An E-Sylum reader forwarded this neat article from the Republican American of Waterbury CT about a token issued by Scovill Manufacturing Co. in 1952 to commemorate its 150th anniversary. Scovill created a large number of numismatic items over the years. I hadn't seen this "spinner" token, a promotional item used to decide who pays for a round of beers. -EditorSometimes the smallest things can trigger the greatest memories. For father and son Robert Zabit, senior and junior, it's a coin. But not just any coin.
This particular one evokes Waterbury when it was a manufacturing powerhouse, the once vibrant Brass City where, as Bob Jr. put it, "people worked hard and played hard."
Minted by the Scovill Manufacturing Co. in 1952 to commemorate its 150th anniversary, the shiny brass coin honors an industry's history on one side and a hard-drinking culture on the other.
He placed the coin, which is about the size of a 50-cent piece, face down on a counter, held it between thumb and forefinger and spun it like a top. When the spinning disk came to a stop, an arrow inscribed "YOU PAY" pointed in his direction.
"I guess I buy the round," he laughed.
This is a bar coin, an emblem of a bygone era when factory workers filed into their favorite joint at the end of their shift and, if lucky, could have three or four beers without paying for any of them.
"But you had to stand at the corner of the bar when you spun it, so everyone had a chance of getting stuck with the bill," Zabit explained.
"I remember that," recalled Waterbury's Joseph Begnal, who owned Joe Begnal's Brown Derby right across from the entrance to Scovill's main plant on East Main Street. "We always kept one in the drawer."
Bob senior, a tool setter in Scovill's cosmetic division, was one of "the last three to walk out the door" before the factory closed for good. He still lives nearby. The coin and a key chain inscribed with the exact date the plant closed Nov. 3, 1989 are mementos from 40 years of work he has turned over to his son.
"We share Waterbury's manufacturing history," said Bob junior, 55, who worked for Eastern Color Printing before buying Larry's Wines & Spirits in Middlebury 15 years ago.

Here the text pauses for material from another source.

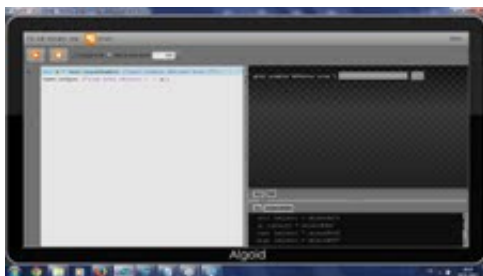
Etape 3.jpg 167K

Yann Caron <cyann74@gmail.com> À : gique meca <linitier89@gmail.com>

The coin is not only rare, but handsomely designed; tactile proof of the company inscription that reads "150 years of craftsmanship in metals." Barely visible within a embossed scene of Scovill's original 1802 plant is a slightly protruding axis point so precisely centered that the coin spins without quavering for nearly a full minute with an easy flick of the fingertips. On the reverse side, along with that fateful arrow, is written: ROUND & AND ROUND SHE GOES, WHERE SHE STOPS NOBODY KNOWS
"By the time that thing stopped, there were a half-dozen pints already on the bar," said Zabit.